Дарвинисты, видевшие эти несоответствия, пытались «подпереть» и «подлатать» теорию, расползающуюся буквально по швам, новыми гипотезами, которые, в свою очередь, нуждались в «подпорках». Так возник неодарвинизм.
Представляя множество фактов, Великовский очень деликатно показывает, что в настоящее время от оригинальной теории Дарвина не осталось ничего, позволяющего считать ее вехой на пути развития науки.
Когда Великовский получил от мисс Кун первые отредактированные ею страницы «Веков в хаосе», он изложил ей свое литературное кредо: простые фразы, отказ от штампов, «модерновых» словечек и подчеркиваний, а главное — никакой иронии и сарказма.

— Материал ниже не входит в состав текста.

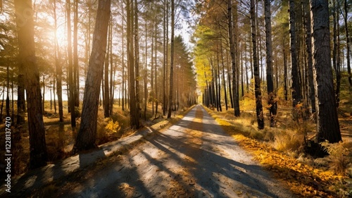© chysakibahmed, Obraz premium Autumn landscape with a road in the forest and sun rays.

Следовал ли Великовский своему кредо? Иногда в его контраргументах, в его полемике слышна тонкая ирония. Возможно, что это — не намерение автора, а субъективное восприятие читателя. В главе о дарвиновской теории Великовский обращает внимание на логику (или отсутствие таковой) в знаменитом примере с жирафами. В борьбе за существование у них удлинилась шея, позволяющая доставать листья с более высоких деревьев, когда внизу уже нет пищи. В период засухи, возражает Великовский, у самца жирафа больше шансов выжить, потому что он крупнее и шея у него длиннее. Но не самец — продолжатель рода. И даже если выживет самка и родит детеныша, у него, маленького, нет возможности дотянуться до листьев. Как же в данном случае срабатывает дарвиновский тезис о выживании сильнейшего? И как быть с мамонтами, которые, несмотря на свое совершенство, почему-то не выжили?
Возможно, что наличие или отсутствие иронии в этом примере зависит от «порога восприятия» смешного у читателя. Но, когда Великовский пишет: «Обучать теории единообразия можно было только в безлунную ночь», ни у кого не возникнет сомнения, что он не всегда следовал своим намерениям.